Wait, I just realized - we can't optimize w1 and w2 that way, since those are used in weighted R, and that loss above doesn't use weighted R.
Ok, forget what I said above then. Let's not change the loss function for now. Just make the algorithm output Rw instead of Rt whenever it predicts R.
By the way, once the R-matrix is done, every single calculation involving R (in the optimizer, scheduler and helper) will have to use weighted R. That will involve changing a lot of the code, especially for the Helper add-on.
So to answer your question - w1 and w2 will be optimized the same way as all the other parameters are optimized right now.

@L-M-Sherlock
Copy link
Member

Before we use the R-Matrix, we should train the parameters of FSRS at first. How can we optimize w1 and w2 in the same way as other parameters in the same time?

@Expertium
Copy link
Collaborator Author

I don't see why we can't optimize them simultaneously. For each epoch we make the R-matrix, calculate weighted R and use it in the loss function, clear the R-matrix and repeat this for the next epoch.

@L-M-Sherlock
Copy link
Member

I don't see why we can't optimize them simultaneously. For each epoch we make the R-matrix, calculate weighted R and use it in the loss function, clear the R-matrix and repeat this for the next epoch.

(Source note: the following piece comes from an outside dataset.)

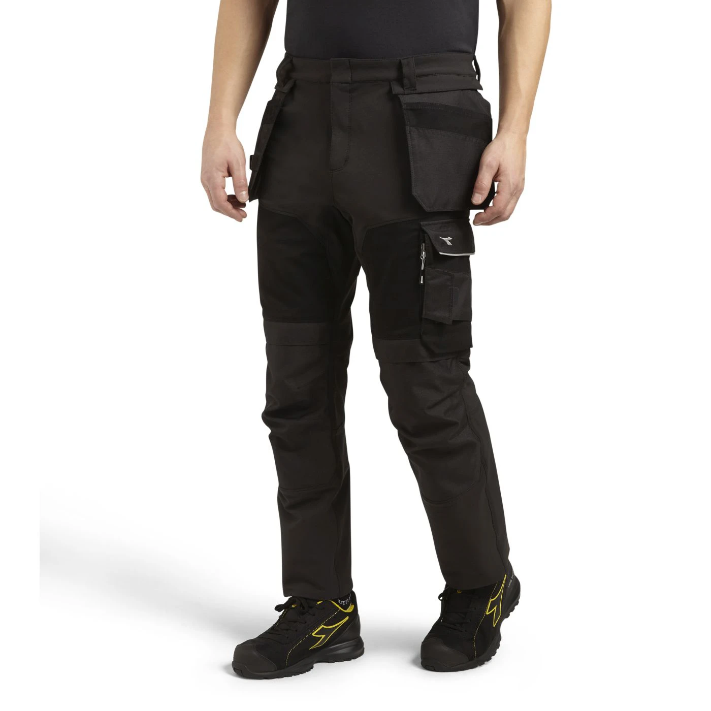 Stretch nylon-polyester performance trousers. Contoured waistband with stretch details on the sides for increased comfort. Crotch insert for greater range of movement. Open front pockets. Three cargo pockets on the side. Ruler pocket on the side with hammer loop. Detachable multi-functional outer pockets with press-stud button and zip. Two back pockets. Abrasion-resistant fabric knee pad that opens from the top. Rear zips with mesh netting for increased breathability. Concealed button. Ergonomic leg and adjustable length with press-stud buttons; reinforced heel area with abrasion-resistant fabric. Reflective details for better visibility.

Which parameters should we use to generate R-matrix? The parameters at the start of the epoch?

@Expertium
Copy link
Collaborator Author

That's a good question, I haven't thought about that. I think using parameters from the previous epoch (init_w if this is the first epoch) is reasonable.

@user1823
Copy link
Collaborator

@Expertium, what if the weight comes out to be very close to 1?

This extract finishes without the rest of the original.